Abra algum espaço para Ana em seu convívio e você jamais saberá novamente o que é ter paz. Viverá pisando em ovos toda vez que encontrá-la; medirá cada palavra pelo receio de dizer alguma coisa que possa vir a lhe causar problemas caso seja passada adiante a alguém impróprio e, queira ou não, terá que aturar uma eternidade de intromissões e "pitacos" dos mais absurdos, seja nas questões mais triviais ou nos momentos mais dramáticos.
Ana têm outros defeitos – uma lista interminável deles. E a triste realidade é que ela é um cruzamento entre carrapato, sanguessuga e vampiro que não desgrudará de sua "presa" (você) antes de lhe absorver todo o "fluido vital".
Diante dessa descrição, qualquer ser humano de bom senso fugiria de Ana como o Diabo da Cruz. Uma pessoa como essa é, obviamente, de convivência MUITO difícil e exige um exercício de capacidade de adaptação e tolerância de que nem todos são capazes.
No entanto, Ana não é má gente. Tem um coração enorme, abnegado e amoroso e é capaz de oferecer seu ombro a um amigo em apuros sem jamais lhe pedir nada em troca. Quando as coisas ficam difíceis e TODOS desaparecem, ela é quem permanece ao seu lado, toma conta de você e se preocupa com o seu bem-estar. Ela nunca questiona a validade ou a verdade do que você está sentindo e até fica magoada quando, para não preocupá-la, você procura esconder o que realmente o está entristecendo.
Ana, no final das contas, é uma AMIGA de verdade.

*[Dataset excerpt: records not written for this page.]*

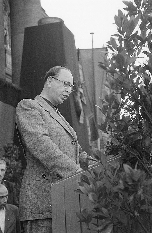 Black and white photograph of german politician Horst Sindermann taken 1949 in Leipzing during a commemoration ceremony.
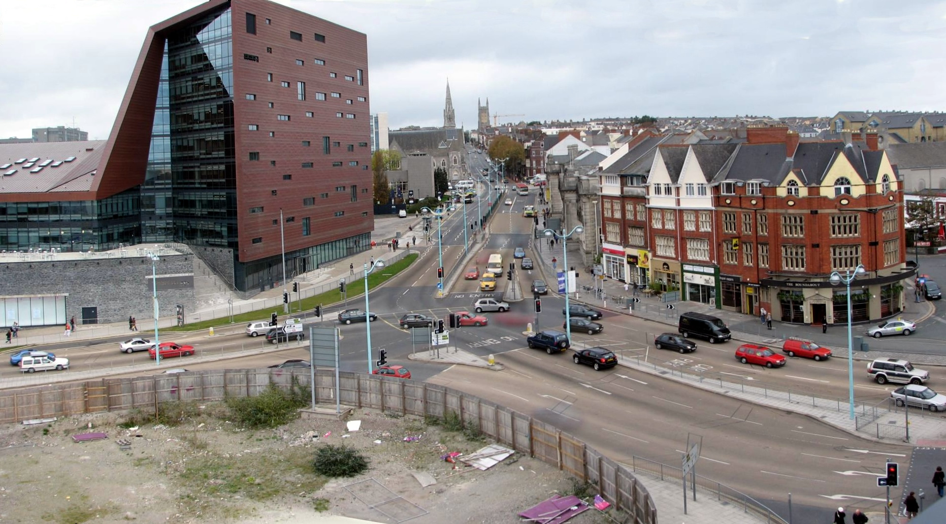 Drake Circus, Plymouth, England from the roof of the Drake Circus Shopping Centre. Roland Levinsky Building of the University of Plymouth on the left.
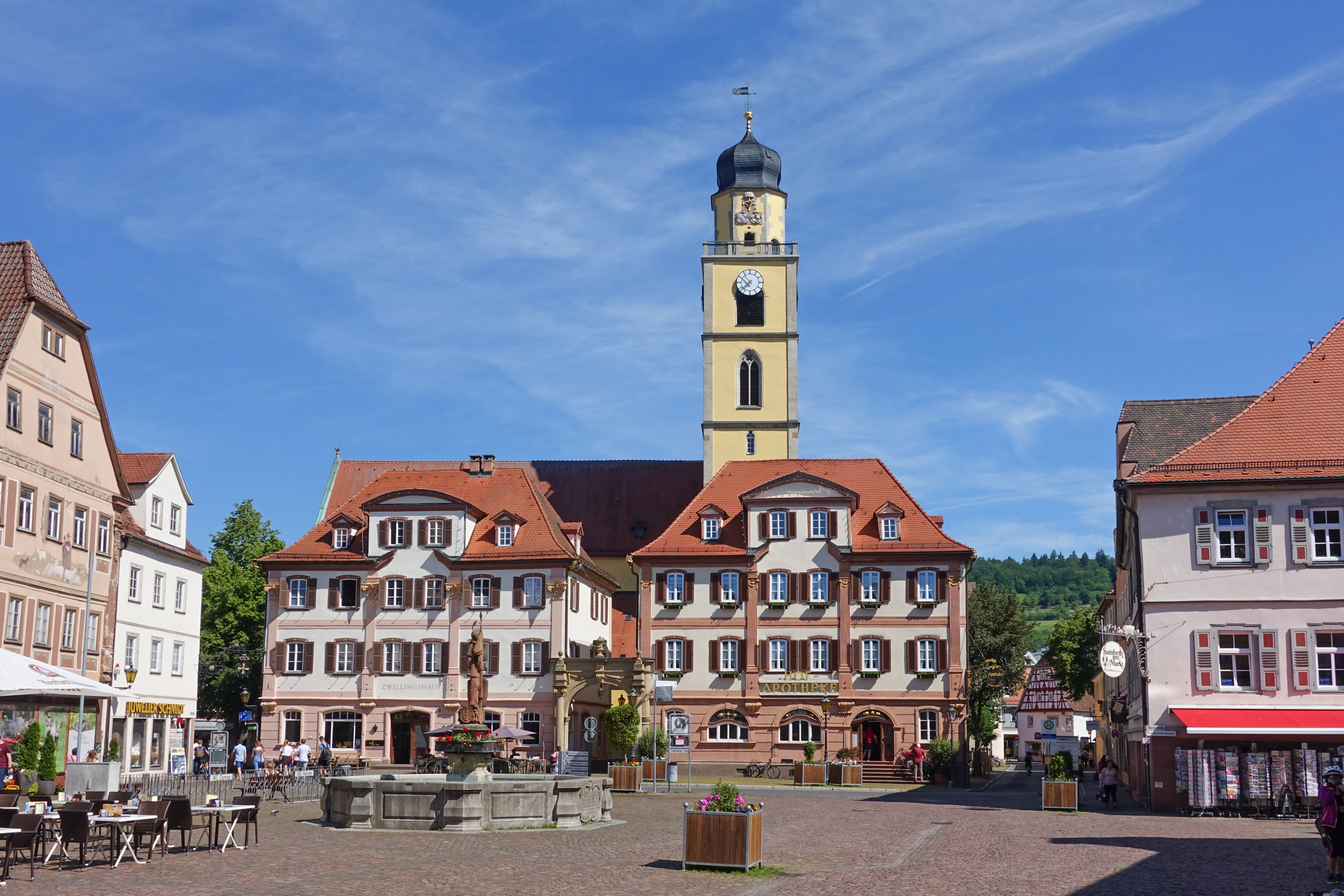 Market place, Bad Mergentheim, Germany, with twin houses and Münster St. Johannes (St. John's Church)
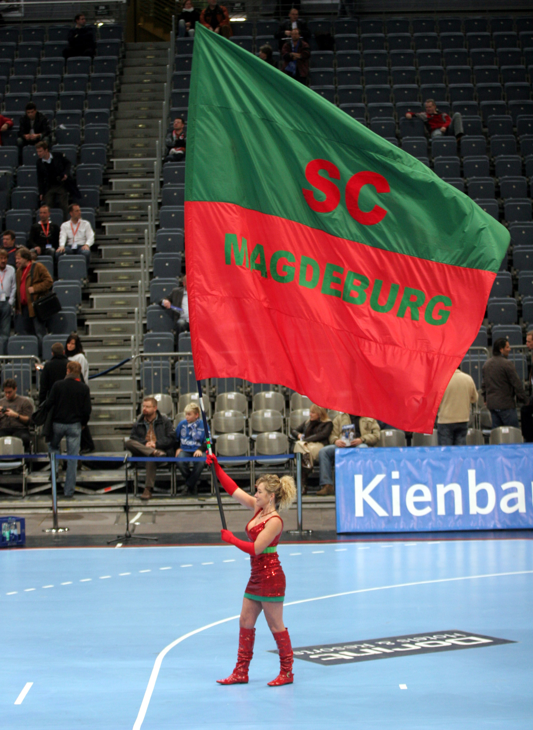 A Fan with a flag of SC Magdeburg (Germany), prior a Bundesliga match. November 19th, 2008 in Lanxess Arena of Cologne
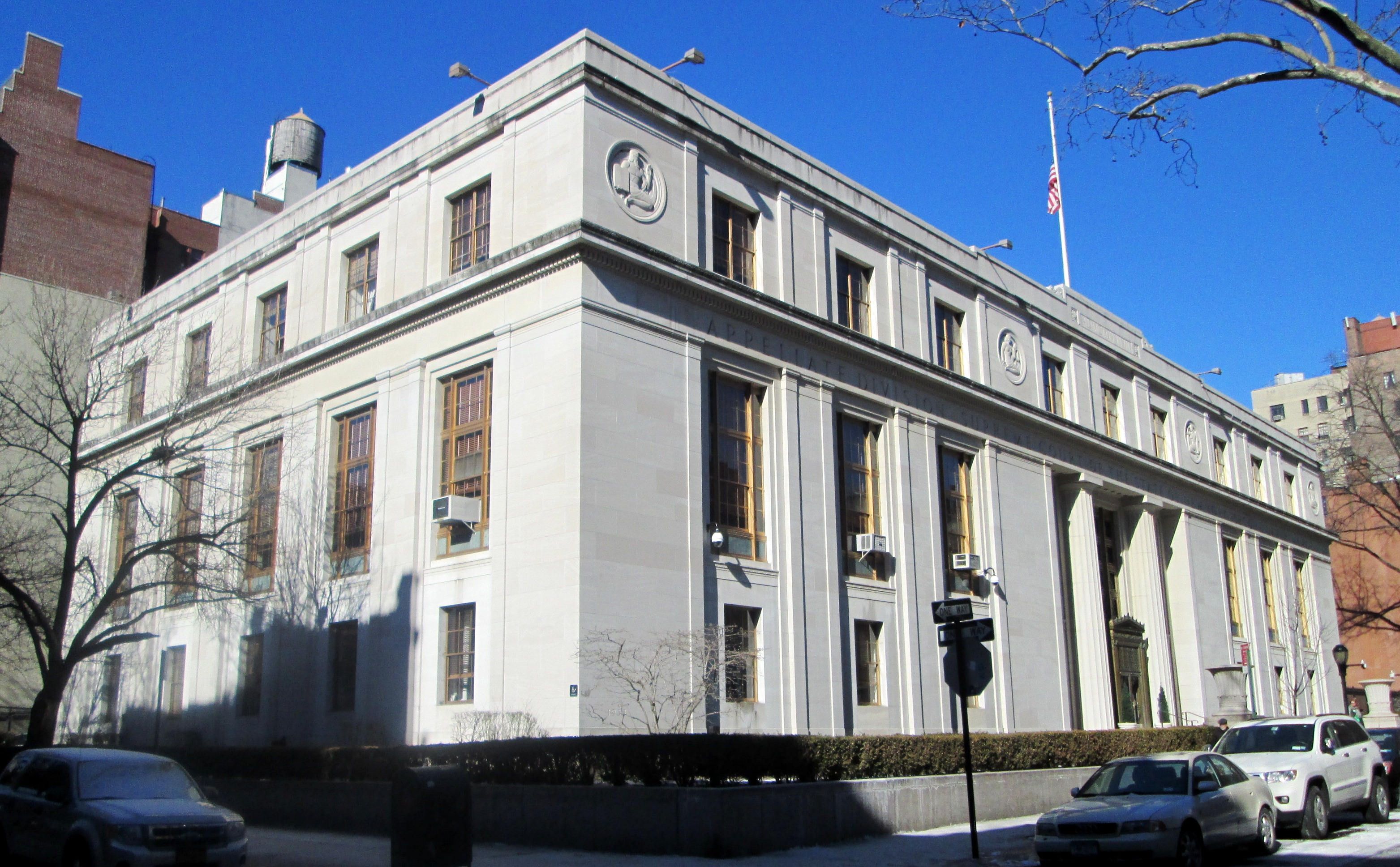 The Appellate Division Courthouse for the Second Judicial Department of the New York State Supreme Court at 45 Monroe Place at the corner of Pierrepont Street in the Brooklyn Heights neighborhood of Brooklyn, New York City was built in 1938 and was designed by Slee & Bryson in the Classical Revival style. (Source: AIA Guide to NYC (5th ed.))
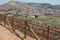 Parque del Terri
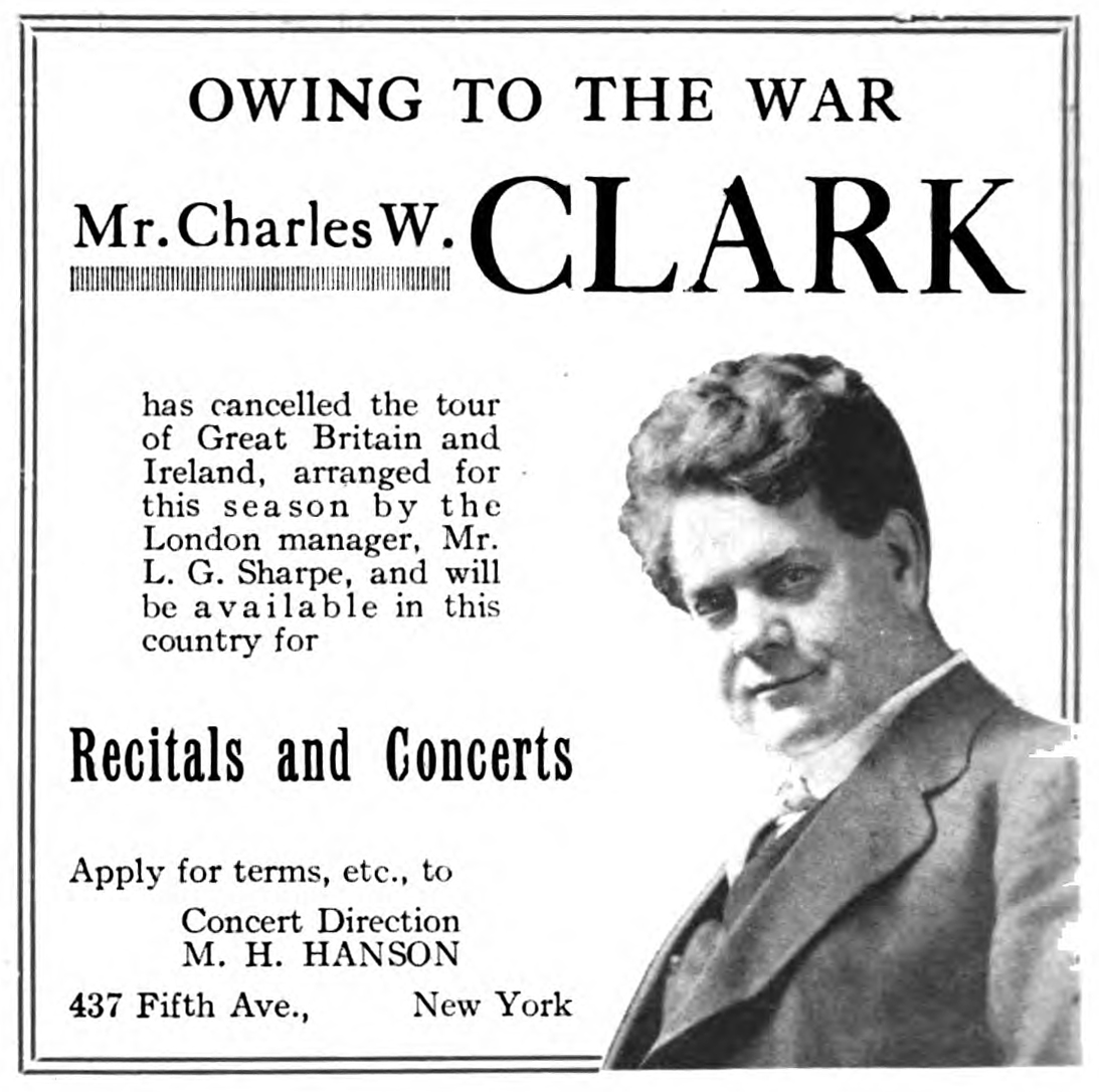 Charles W. Clark, Musical Monitor Ad 1914
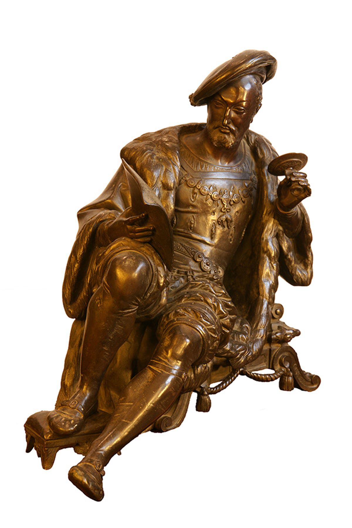 Leonardo da vinci Sculptor Albert-Ernest Carrier-Belleuse (1824-1887)
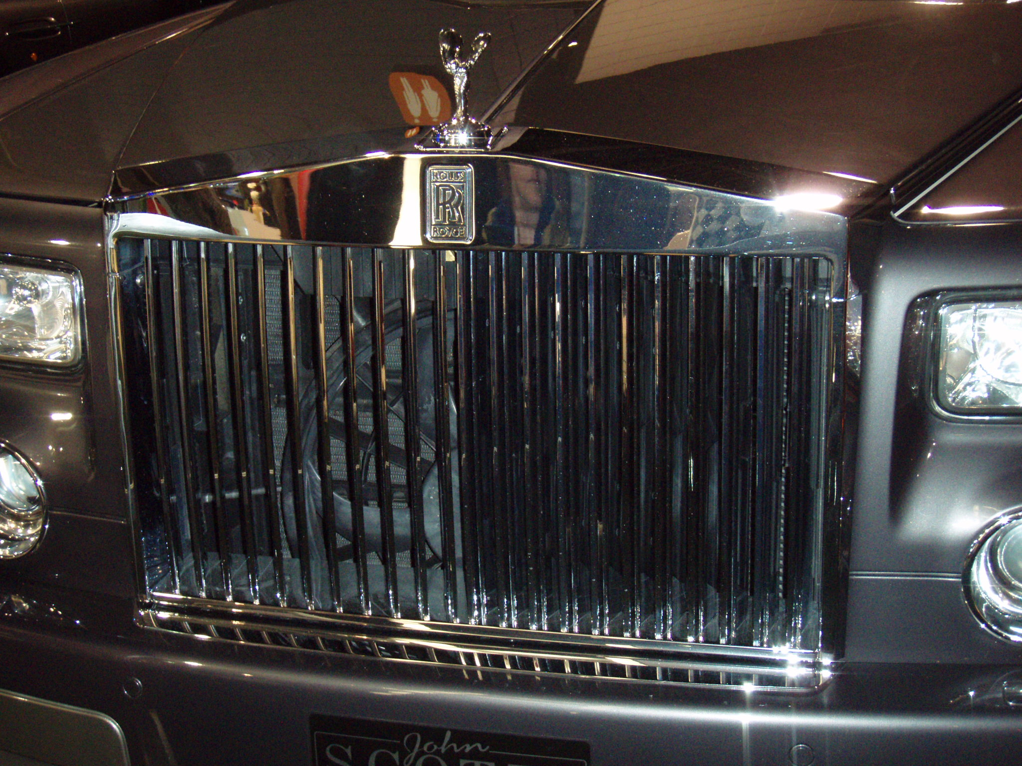 gril of Rolls-Royce
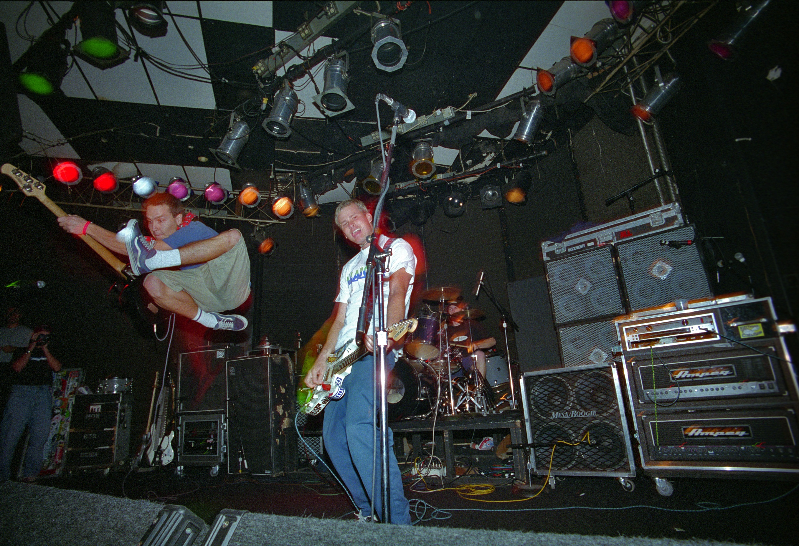 Blink-182 at the Whiskey in Los Angeles, 10-7-1996
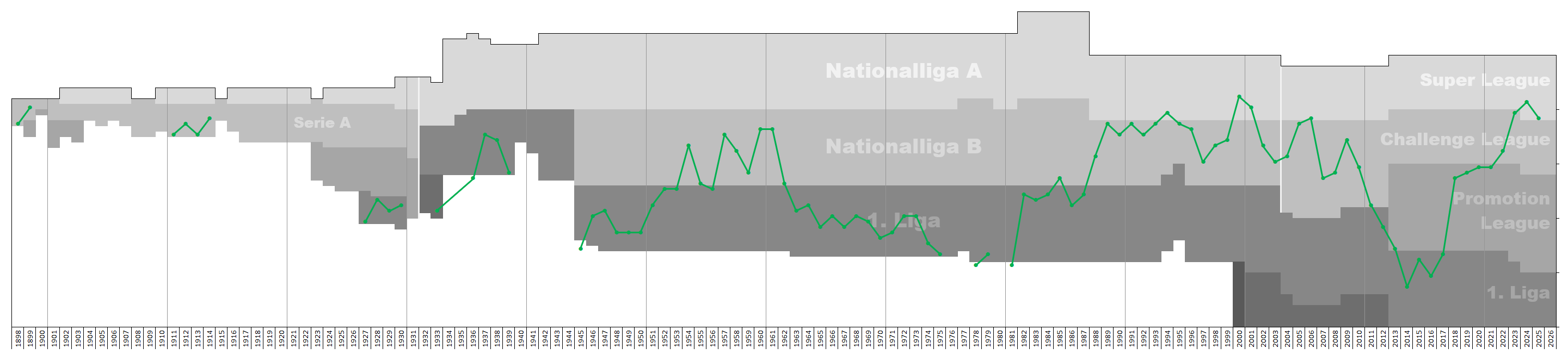 Chart of end-season table positions for Yverdon-Sport in the Swiss football league system. Data source: RSSSF
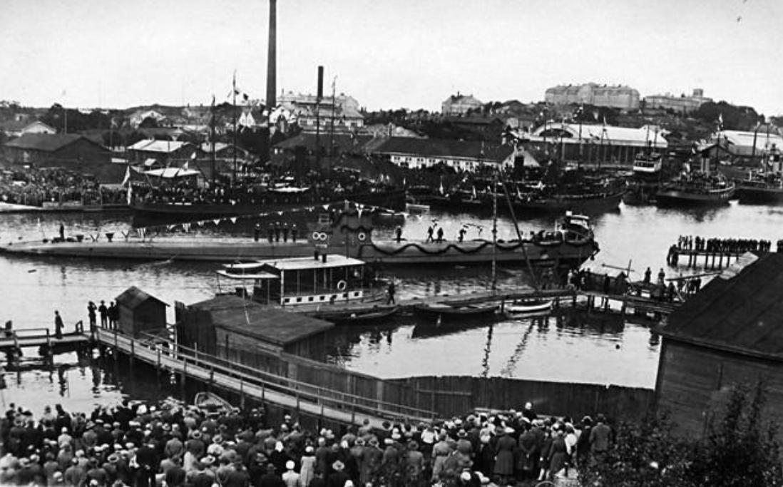 Finnish submarine Vetehinen shortly after her launch in Crichton-Vulcan shipyard in Turku, Finland.

Creio que toda pessoa deveria ter pelo menos uma Ana em sua vida, mesmo sabendo que, eventualmente, ela lhe causará ímpetos assassinos. Porque, apesar dos pesares, as Anas nunca são pessoas monótonas ou desinteressantes; são companheiras constantes e fiéis e sempre têm muito a nos ensinar, se nos dispusermos a ter paciência e mantivermos nossos corações e almas abertos.
Elas são, mais do que tudo, prova incontestável de que, inobstante o tamanho dos nossos defeitos, eles SEMPRE podem ser compensados por nossas qualidades.
Vamos admitir: as Anas nos tornam pessoas melhores. Que seria de nós sem elas?
Até porque cada um de nós tem um pouquinho de Ana dentro de si.
Dedico este texto às "minhas" Anas. Eu amo todas vocês!
* Sim, Ana é persona fictícia e a descrição é exagerada – mas foi baseada em gente de verdade... E um "tantinho" em mim mesma, ma non troppo.